WHAT IS REQUIRED: Your answer is the line containing "Ролик приводного ремня" plus every line after it through the end of the records, printed exactly and free of pictures.

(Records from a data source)
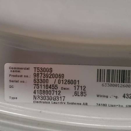 SPEED QUEEN 27LBS. MODEL: SC27MD2AU20001 Serial No: 0896087232
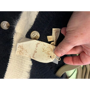 NWT Size Large Hem & Thread Cardigan. Cardigan has black and white stripes. It is both soft and has a fuzzy feel. Could be dressed up or down.
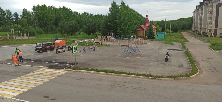 В Менделеевске устранили ямы на игровой площадке
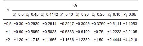 -1≈0.4142時,Sc有極小值0.5828n.由于變換式(2)~(7)中,對多數指標只取n=±2、±1、±0.5.而公式(10)和式(11)中,x′j 取值范圍為x′j∈[0,0.5](對水體),x′j∈[0,0.4](對空氣).當n為上述值時,x′j 分別取為如表 4所示值時,由式(21)計算得靈敏度Sc值如表 4所示.
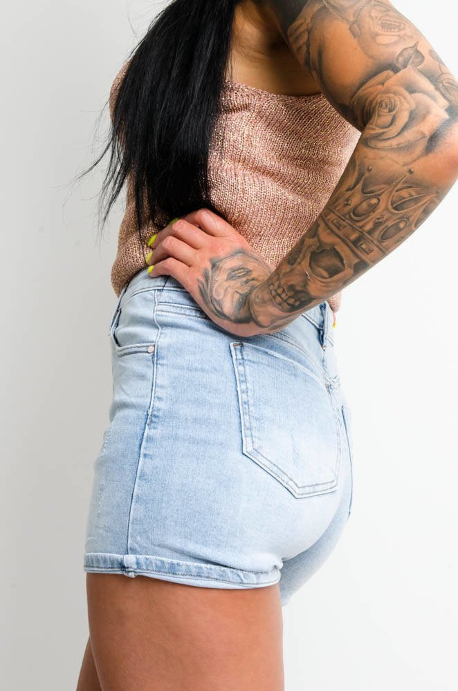 JEANSOWE SZORTY Z WYSOKIM STANEM
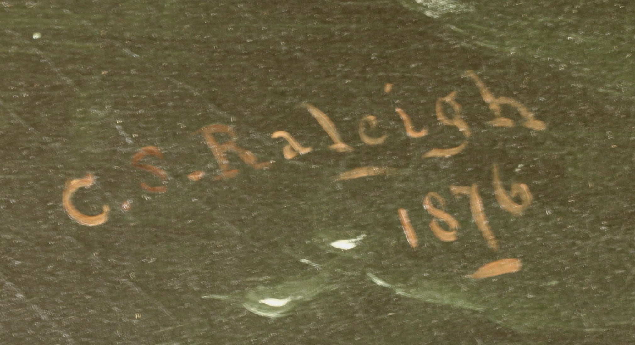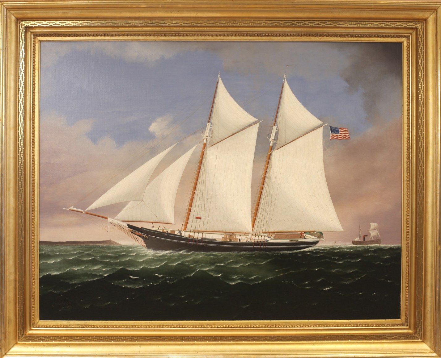 (American 1830 - 1925) Oil on canvas, of the two masted schooner M.H. Read, signed lower left and dated 1876. This is one of Raleigh's large and finest works. The color is extremely bright and rich. The painting depicts a port view of the schooner M.H. Read. The vessel has a well detailed billet head with trail board bearing the vessels name. M.H. Read appears on a quarterboard near the stern. The vessel is under full sail and she is flying the American flag off the gaff. To the right on the horizon in the distance is a primitive rendering of a transitional steamsail vessel. The water is beautifully highlighted around the vessel and one can sense the wind swept water spraying against the bow. (PA-838)
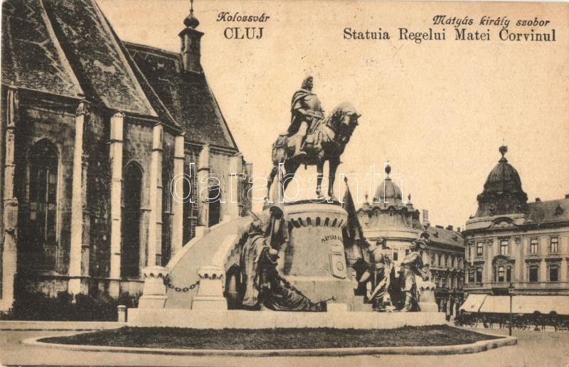 Kolozsvár, Cluj; Mátyás király szobor / statue, "Kolozsvár visszatért"... https://www.darabanth.com/de/323-Fernauktion/323.0/Ansichtskarten/Siebenburgen~2500006/Kolozsvar-Cluj-Matyas-kiraly-szobor-statue-Kolozsvar-visszatert-SoStpl~II1795371
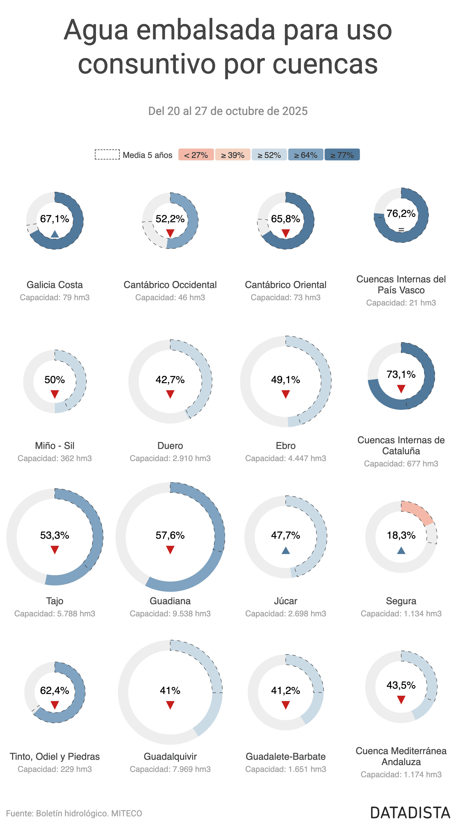 El Cantábrico Occidental encabeza los descensos de las cuencas, cae 4,3 puntos y se sitúa en 52,17% con 24 hm³. Le sigue el Miño-Sil, que pierde 3,3 puntos hasta 50,00% con 181 hm³. El Cantábrico Occidental desciende 1,4 puntos y queda en 65,75% con 48 hm³. Tinto, Odiel y Piedras baja 0,9 puntos hasta 62,45% con 143 hm³. Las Cuencas Internas de Cataluña retroceden 0,9 puntos hasta 73,12% con 495 hm³. La Cuenca Mediterránea Andaluza cae 0,6 puntos hasta 43,53% con 511 hm³. El Duero desciende 0,6 puntos y se sitúa en 42,71% con 1.243 hm³.
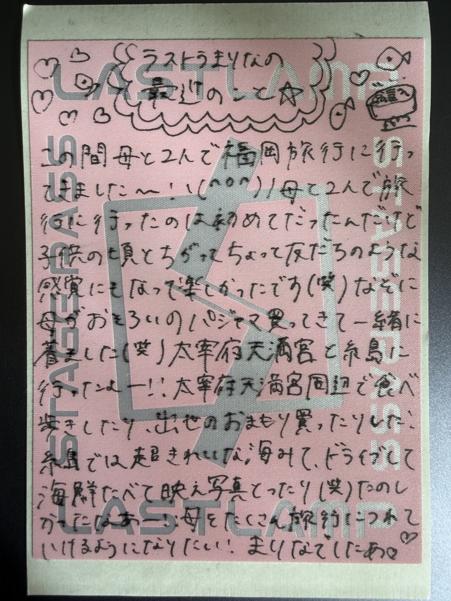 いつものパスステッカーとL版サイズのセットリストカード、ラストランプトレカ(ver.3)
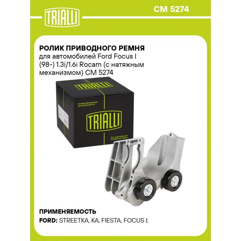 Ролик приводного ремня для автомобилей Ford Focus I (98-) 1.3i/1.6i Rocam (с натяжным механизмом) Характеристики: Артикул: CM 5274 OEM номера: 1149701, 1340774, 1376886, 1488357, 1517861, 1727654, 2S6G10K018BA, 2S6G10K018BB, 2S6G10K018BC Сопутствующие товары:: 6PK2236, 6PK1698 Сопутствующий товар: Ремни: 6PK2236, 6PK1698 Количество на автомобиль: 1 Внешний диаметр, мм: 70 Ширина, мм: 26 Гарантийный срок: 2 года/60 000 км. Материал: Комбинированный Товарная линейка: BLACK Комплектация: Ролик привод. ремня с натяж. мех. - 1 шт Гарантия: от 1 года.
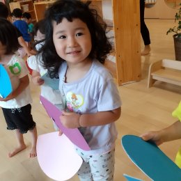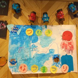 そして、園庭では他にも木を使ったキーホルダー作りと、大きな紙へのダイナミックお絵描きを行いました。 2階のテラスに設置したお絵描きコーナーでは、大きな模造紙に自由に絵を描いて遊びました。普段よりも大きなキャンバスに想像力が刺激されたのか、個性豊かな素敵な作品がたくさんできました。

YOUR RESPONSE:
 Ролик приводного ремня для автомобилей Ford Focus I (98-) 1.3i/1.6i Rocam (с натяжным механизмом) Характеристики: Артикул: CM 5274 OEM номера: 1149701, 1340774, 1376886, 1488357, 1517861, 1727654, 2S6G10K018BA, 2S6G10K018BB, 2S6G10K018BC Сопутствующие товары:: 6PK2236, 6PK1698 Сопутствующий товар: Ремни: 6PK2236, 6PK1698 Количество на автомобиль: 1 Внешний диаметр, мм: 70 Ширина, мм: 26 Гарантийный срок: 2 года/60 000 км. Материал: Комбинированный Товарная линейка: BLACK Комплектация: Ролик привод. ремня с натяж. мех. - 1 шт Гарантия: от 1 года.
 そして、園庭では他にも木を使ったキーホルダー作りと、大きな紙へのダイナミックお絵描きを行いました。 2階のテラスに設置したお絵描きコーナーでは、大きな模造紙に自由に絵を描いて遊びました。普段よりも大きなキャンバスに想像力が刺激されたのか、個性豊かな素敵な作品がたくさんできました。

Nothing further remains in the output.